My favorite comparison goes like this: it does matter which fuel one pours into which engine. If you put diesel oil into a gas operated internal combustion engine, you won’t travel very far (I have tried, but that’s another story). So it makes sense to me that the food we choose influences our body engines, our health. It seems that my point is easily proven: more and more research confirms the relationship between junk food and obesity (and diabetes).
Nevertheless, still one probably gets the worst food in the primary health place – the hospital – as if modern medicine wants to underline that food has no relationship with health. There are, of course, government agencies that advocate the importance of fresh food compared to packaged foods. At the same time the economic system that we have organized drives more and more people away from healthy food and toward higher health care expenses.
An example: the cost of fresh fruit and vegetables has increased by nearly 200% since 1983. That increase is 3 times greater than the increase in sugars and even 6 times greater than the increase of the price of sodas over the same period of time. As an inspiring blog suggests: check Michael Pollan’s The Omnivore’s Dilemma to find out why junk food can be so much cheaper than healthier alternatives.
It can be explained but it doesn’t make sense. It should be our greatest priority to make sure that people eat healthy. One way would be to use taxes. In The Netherlands several political parties are advocating to exclude organic food from sales tax. Taxes provide a great instrument to direct consumer behavior. It is a painful fact that the current tax system in most Western countries stimulates the energy and chemical intensive agriculture that produces the very unhealthy food that we shouldn’t eat.
In Harlem, New York, a truck regularly delivers organic food to people who would normally never consider buying – more expensive – healthy food. The Holton Farmsoperation was established to bring farm-fresh produce to people who cannot shop at established organic supermarkets. Besides changing the tax system, it is difficult to imagine a more relevant contribution to the health of the population.

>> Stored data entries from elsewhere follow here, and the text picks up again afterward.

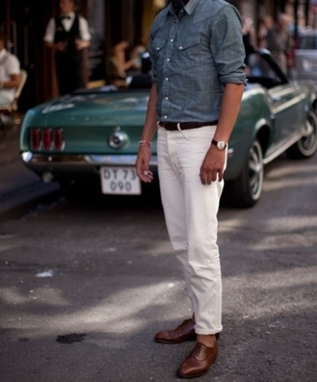 블루 계열의 셔츠와 화이트 팬츠, 가죽벨트는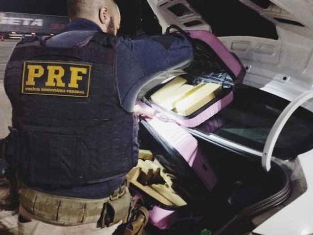 Em ato contínuo, foi solicitado ao motorista a abertura do porta-malas para conferência dos equipamentos obrigatórios. Neste momento, foi sentido um forte odor característico de substância entorpecente. Diante deste fato, a equipe procedeu a vistoria de toda a bagagem, tendo sido localizadas 40 barras de maconha com peso total aproximado de 24kg, que estavam acondicionadas dentro de duas malas de cor rosa.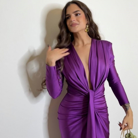 VESTIDO NUDO MANGA MORADO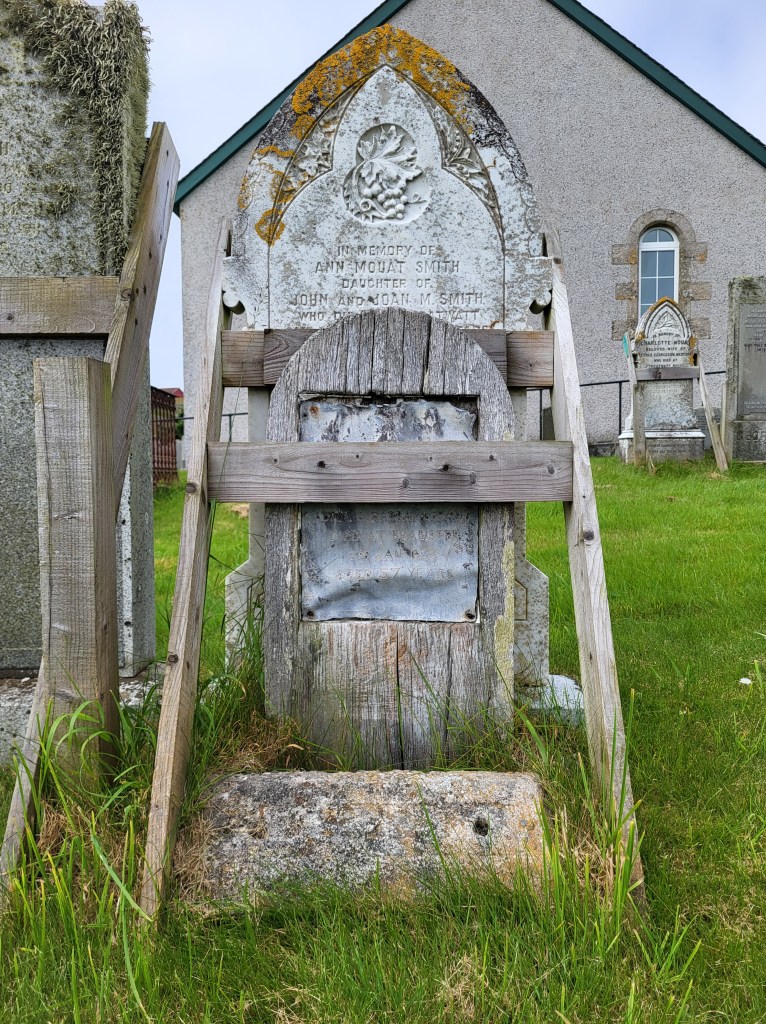 One of the first things we noticed in the first graveyard we visited in the village of Walls, where we were staying, was this very ingenious way of stabilising gravestones that were in need of conservation work. The markers that were at risk of falling had a wood frame built around them to lean on, without putting any metal in contact with the stone itself, which would lead to staining. The angled posts were then attached to posts driven into the ground away from the stone to give support in the direction it was leaning. Each one of these markers had a little tags on the site, or on the ground in front, which read,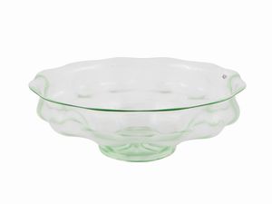 h cm 9, diam cm 26,5 Murano, Italia 1925 circa in vetro soffiato verdino a leggere costolature.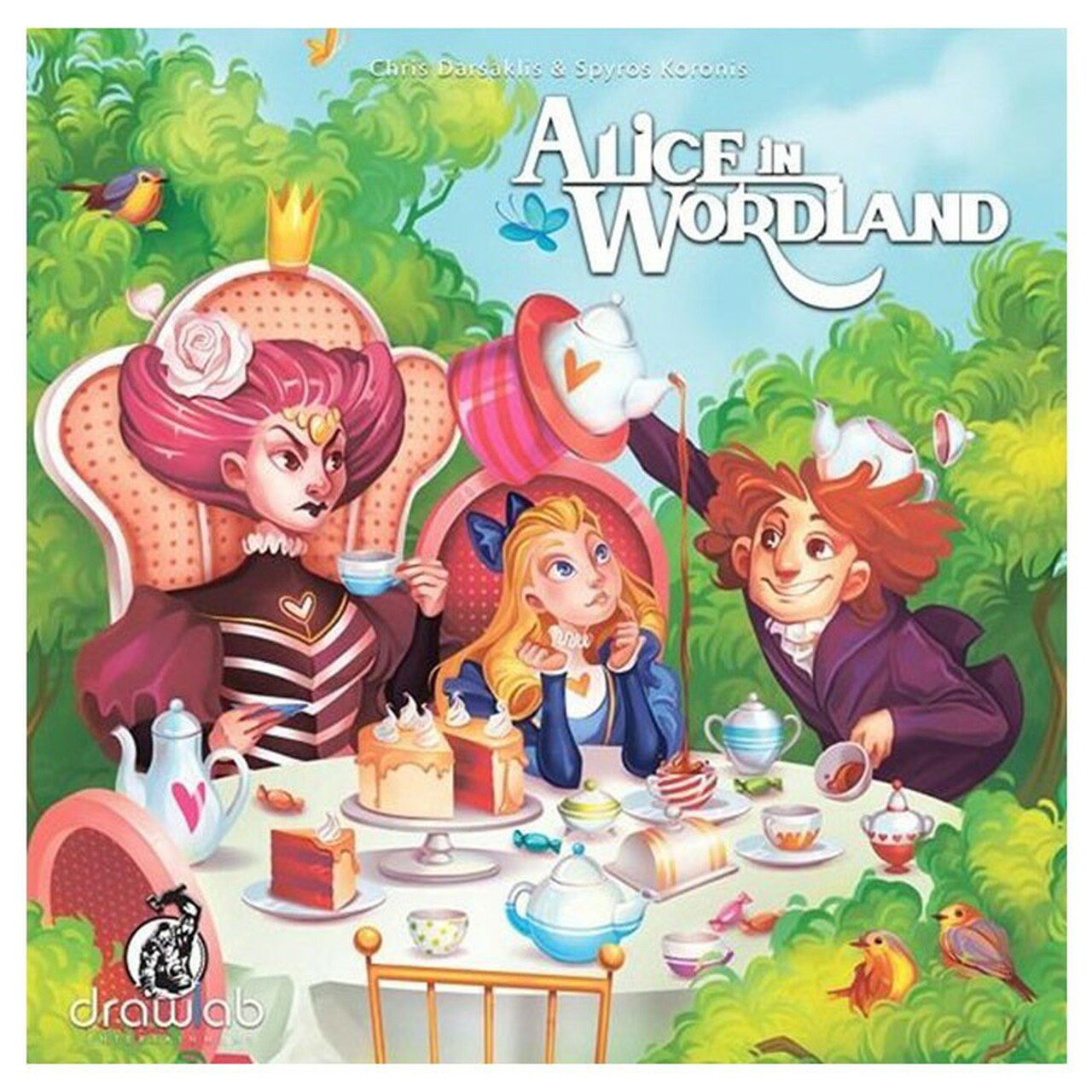 In the party game Alice in Wordland, players take the roles of characters from Alice in Wonderland, each with their own unique abilities and all invited to the tea party of the Queen of Hearts. They have to follow her mad rules of discussion, saying words in particular themes under the pressure of time.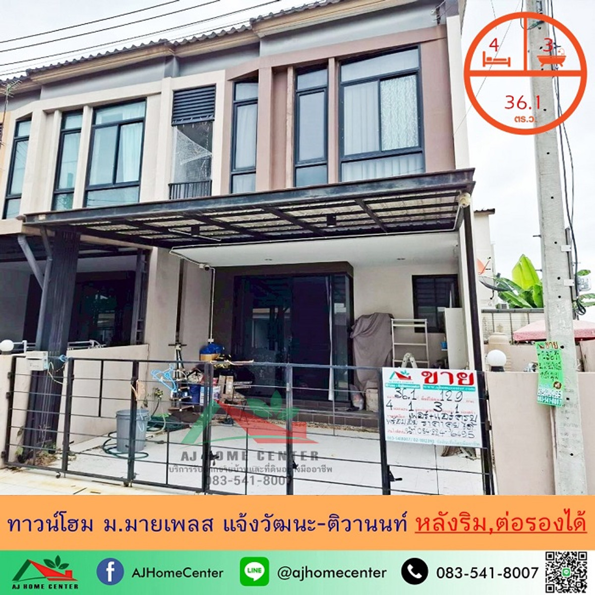ขายทาวน์โฮม2ชั้น 36.1ตรว. หลังริม ม.มายเพลส แจ้งวัฒนะ-ติวานนท์ ต่อเติมพร้อมอยู่ . ทาวน์โฮม2ชั้น 36.1 ตารางวา พื้นที่ใช้สอย 129 ตารางเมตร 4ห้องนอน 3ห้องน้ำ 1ห้องครัว 1ห้องรับแขก 2ที่จอดรถ - แถมแอร์ 5 ตัว , เครื่องทำน้ำอุ่น 3 เครื่อง - เฟอร์นิเจอร์ยกลอย(แล้วแต่ต่อรอง) - บิ้วอินห้องครัว - ต่อเติมหลังคาโรงจอดรถ - วัสดุปูพื้น : ชั้นล่าง-แกรนิตโต้ / ชั้นบน-ลามิเนต - อายุทรัพย์สิน 6 ปี - ค่าส่วนกลาง 1,000 บาท . ที่ตั้งทรัพย์สิน : ม.มายเพลส แจ้งวัฒนะ-ติวานนท์ ซ.พระแม่มหาการุณย์ ถ.ติวานนท์-ปากเกร็ด 56 ต.บ้านใหม่ อ.ปากเกร็ด จ.นนทบุรี พิกัด : https://maps.app.goo.gl/he7pzdLxvRkNwqSa6 สรุปการเดินทาง ถนนแจ้งวัฒนะ > ห้าแยกปากเกร็ด > ถนนติวานนท์ – ปากเกร็ด > ซอยพระแม่มหาการุณย์ > My Place แจ้งวัฒนะ – ติวานนท์ . ราคาขาย 2.9 ล้านบาท . จุดเด่น - ทาวน์เฮ้าส์หลังริม ขายตามสภาพ มีพื้นที่ด้านข้าง - ภายในบ้านออกแบบมาใช้งานได้สะดวก แต่ละห้องไม่มีห้องไหนเล็กเกินไปจนใช้งานลำบาก ฝ้าเพดานสูงและช่องแสงเยอะ วัสดุดีมาตรฐาน - ถนนหลักกว้าง 9 เมตร ถนนในซอยย่อยกว้าง 8 เมตร - โครงการตั้งอยู่บนถนนติวานนท์ – ปากเกร็ด56 (ซอยพระแม่มหาการุณย์) เข้ามาจากปากซอยฝั่งถนนติวานนท์ – ปากเกร็ด เพียง 1 กม. - ในซอยจะมีทางลัดไปออกถนนเลียบคลองประปาและถนนศรีสมาน ใกล้ทางด่วนอุดรรัถยาทั้งขาเข้าและขาออกเมือง - เหมาะสำหรับผู้ที่มองหาที่อยู่อาศัยโซนดอนเมืองและแจ้งวัฒนะ - ทำเลนี้ค่อนข้างเงียบสงบ ความอุดมสมบูรณ์ในวงกว้างเพียงพอต่อการใช้ชีวิตประจำวัน - เข้า-ออกได้หลายเส้นทาง ได้แก่ ซ.พระแม่มหาการุณย์ , ถนนติวานนท์ , ถนนศรีสมาน และถนนแจ้งวัฒนะ - ใกล้สถานีรถไฟฟ้าสายสีแดง ช่วง รังสิต-มหาวิยาลัยธรรมศาสตร์ สถานีดอนเมือง - ราคาต่อรองได้ - บริการจัดสินเชื่อฟรีโดยมืออาชีพ - มีบริการรับผ่อนตรงกับบริษัทชั้นนำ . สิ่งอำนวยความสะดวกในโครงการ - Club House - ฟิตเนส - สวนสาธารณะ - เจ้าหน้าที่รักษาความปลอดภัย - กล้อง CCTV - เข้า-ออก โครงการด้วยระบบ Key Card Access ระยะใกล้ . สถานที่ใกล้เคียง > ร.ร.พระหฤทัย นนทบุรี : 1 กม. > ตลาดดวงแก้ว : 1.1 กม. > Mint Village : 2 กม. > ตลาดรวมทรัพย์ : 2.4 กม. > โรบินสัน ศรีสมาน : 3.3 กม. > บางกอก กอล์ฟ คลับ : 6.2 กม. > SIIT ม.ธรรมศาสตร์ : 6 กม. > นิคมอุตสาหกรรมบางกะดี : 6.8 กม. > ร.ร.สวนกุหลาบ นนทบุรี : 7.3 กม. > ตลาดฐานเพชรปทุม : 8.0 กม. > ตลาดพูนทรัพย์ : 8.3 กม. > ตลาดรังสิต : 8.6 กม. > เซ็นทรัลแจ้งวัฒนะ : 9.1 กม. > Makro แจ้งวัฒนะ : 9.4 > สนามบินดอนเมือง : 11.9 กม. > ฟิวเจอร์ปาร์ค รังสิต : 13.7 กม. . สนใจติดต่อ คุณนัท เบอร์โทรศัพท์ คลิกเพื่อดูเบอร์โทรติดต่อ / คลิกเพื่อดูเบอร์โทรติดต่อ / คลิกเพื่อดูเบอร์โทรติดต่อ

While health care spending may increase with wealth, we are only discovering the relationship between health and food. You are what you eat, may very well be an accurate description.


sarahsic said...

Great post, Mary! When I am eating properly I notice that I am able to run further and faster without fatigue. When I eat junk (I am such a pizza kick right now), I notice that I can barely run a mile without feeling crummy. The kind and quality of fuel is so important! Even yoga feels different when I eat healthy.

MulberryMary said...

Sarah - I find that the simplest thing to learning how to eat better and live an overall healthier life is to just tap into how you feel. When you feel good it makes it easier to make the right choices. When you eat something or drink something that leaves you feeling like "crap" you tend to want to avoid those things. The more you tap into feeling good the better.